Après son appel à l´abolition universelle de la peine de mort, le président français ajoutait: "Plus de cent vingt pays l´ont abolie, rejoints chaque année par trois ou quatre nouveaux Etats à mesure que s´enracine la conviction qu´en aucun cas la mort ne peut constituer un acte de justice. En outre, nulle justice n´est infaillible, et chaque exécution peut tuer un innocent. Et que dire d´exécutions de mineurs ou de personnes souffrant de déficience mentale?". Ce passage clef du discours du chef de l´Etat était immédiatement repris par les journaux télévisés. Ils soulignaient que l´appel s´adressait en particulier à la nouvelle administration des Etats-Unis.

Pour ce qui est de la préservation de l´environnement, le président Chirac déplorait "à l´heure du réchauffement climatique, l´inquiétante et inacceptable remise en cause du protocole de Kyoto", de 1997, sur la réduction des émissions de gaz à effet de serre.
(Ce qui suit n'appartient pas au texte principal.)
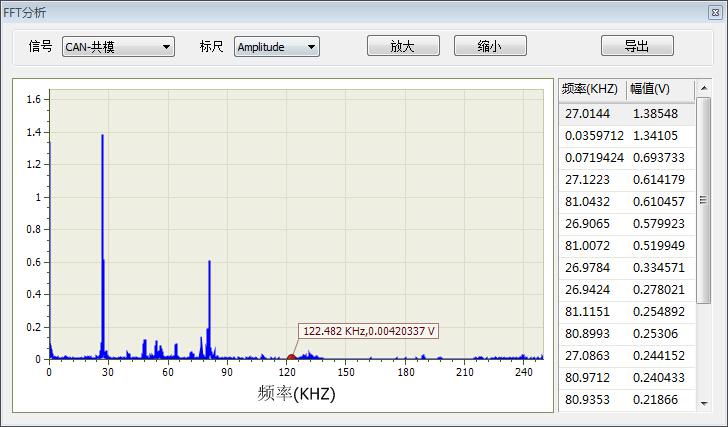 選取一條錯誤幀使用【FFT分析功能】進行分析可以看到該錯誤幀信號上的頻域特性,其中在27KHz頻點上存在很強的能量,幅值甚至達(dá)到了1.38V,如圖6所示。我們知道CAN總線的顯隱性電平的壓差很小,1V左右的干擾很容易導(dǎo)致電平識別錯誤,出現(xiàn)錯誤幀。

Il invitait en particulier "tous les pays industrialisés" à le mettre en œuvre "intégralement et sans retard". M. Chirac invoquait "le droit des générations futures", "face aux atteintes à la biodiversité, disait-il, au moment où l´on voit s´étendre les déserts et poindre une crise majeure de l´eau douce".

Pour ce qui est des droits de l´homme, Jacques Chirac dénonçait "la monstrueuse et mystérieuse violence de l´homme à l´égard de l´homme" et la "tentation de toute société d´opprimer autant que de protéger".

Et en ce qui concerne le paysage français des droits de l´homme, le président n´hésitait pas à reconnaître des manques, en particulier pour ce qui est de la situation "dans les prisons", de "l´état de la présomption d´innocence", de "la persistance de la pauvreté", "des réflexes racistes parfois": des "domaines" où la France "peut et doit progresser".